> _Task objective_: Your answer must be an exact transcription of the data, with every picture omitted.

> _Source material_:
--- --- ---
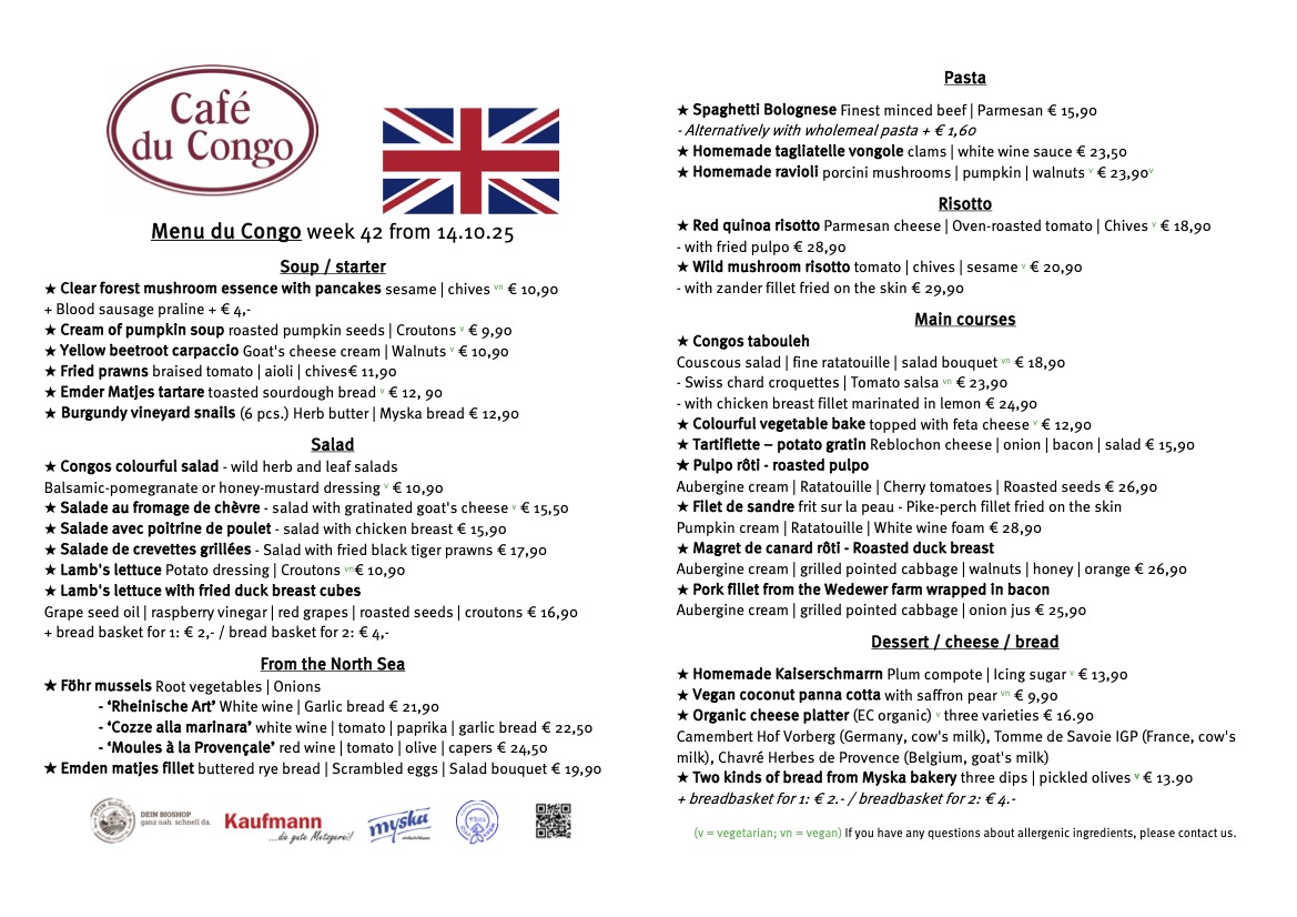 With a commitment to fresh ingredients and quality dishes, Café du Congo promises an immersive gastronomic experience that is as vibrant as the atmosphere itself. Don’t miss the seasonal Austernwochenende, showcasing exquisite oysters!
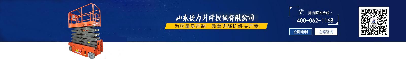 山东捷力升降机械有限公司是国内专业生产移动式升降机,固定式升降机,导轨式升降机,车载式升降机,铝合金升降机,登车桥和高空作业平台的厂家之一。公司重点发展液压升降平台、升降机研制、开发、和制造。我们生产设备精良,工艺先进合理,检测手段齐全,技术力量雄厚;升降平台、升降机产品共有八大系列、六十多个品种,并主要承接各种非标产品的设计和制作,规格齐全,质量保证,所生产的升降机、升降平台符合国家行业标准,广泛用于建筑业室内外装修、车间、车站码头、超市、大厅等高空作业和工业生产流水线及各楼层间的上下载货;产品销往全国各地,受到广大用户的好评......
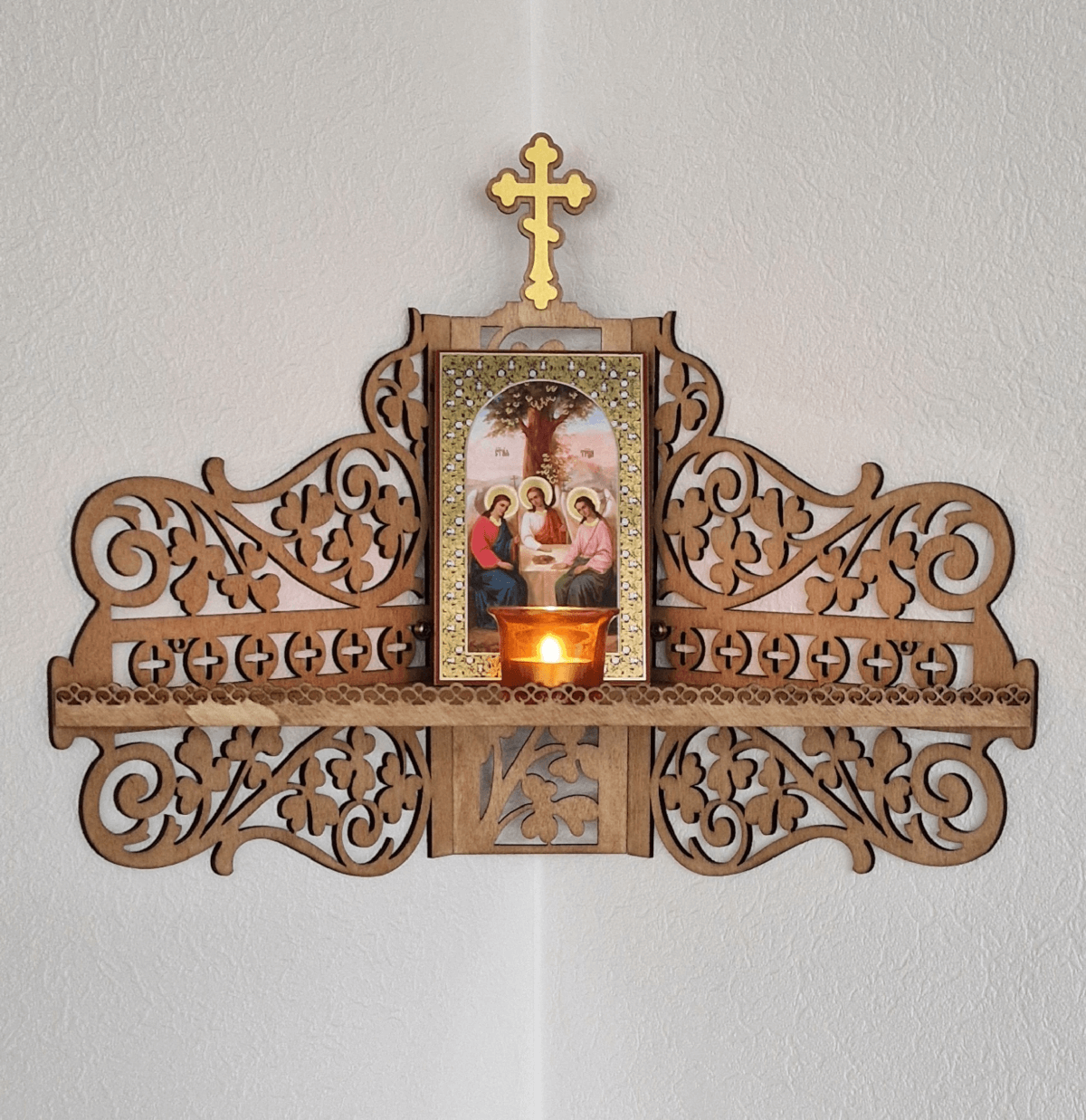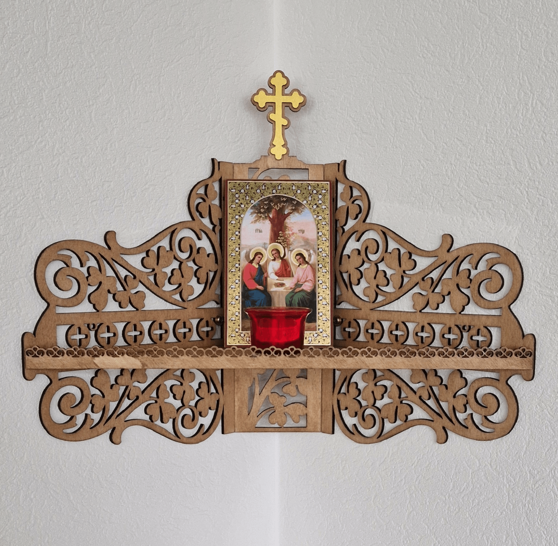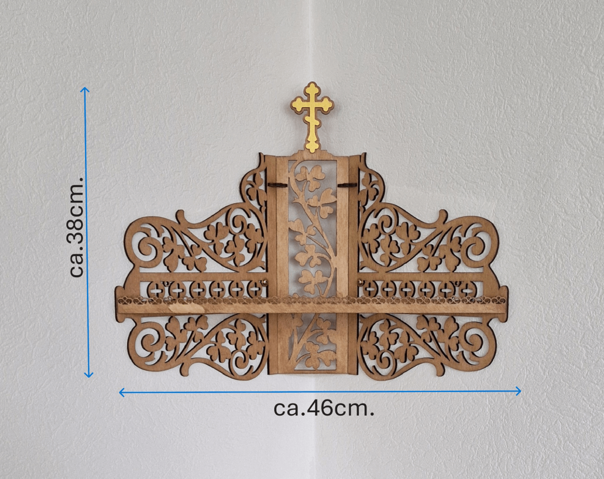 Verwandeln Sie eine stille Ecke Ihres Zuhauses in einen Ort des Gebets mit diesem liebevoll handgefertigten orthodoxen Eckikonenostase. Jedes Stück ist ein Unikat – individuell für Sie gefertigt.
--- --- ---
> _Answer area_:
 With a commitment to fresh ingredients and quality dishes, Café du Congo promises an immersive gastronomic experience that is as vibrant as the atmosphere itself. Don’t miss the seasonal Austernwochenende, showcasing exquisite oysters!
 山东捷力升降机械有限公司是国内专业生产移动式升降机,固定式升降机,导轨式升降机,车载式升降机,铝合金升降机,登车桥和高空作业平台的厂家之一。公司重点发展液压升降平台、升降机研制、开发、和制造。我们生产设备精良,工艺先进合理,检测手段齐全,技术力量雄厚;升降平台、升降机产品共有八大系列、六十多个品种,并主要承接各种非标产品的设计和制作,规格齐全,质量保证,所生产的升降机、升降平台符合国家行业标准,广泛用于建筑业室内外装修、车间、车站码头、超市、大厅等高空作业和工业生产流水线及各楼层间的上下载货;产品销往全国各地,受到广大用户的好评......
 Verwandeln Sie eine stille Ecke Ihres Zuhauses in einen Ort des Gebets mit diesem liebevoll handgefertigten orthodoxen Eckikonenostase. Jedes Stück ist ein Unikat – individuell für Sie gefertigt.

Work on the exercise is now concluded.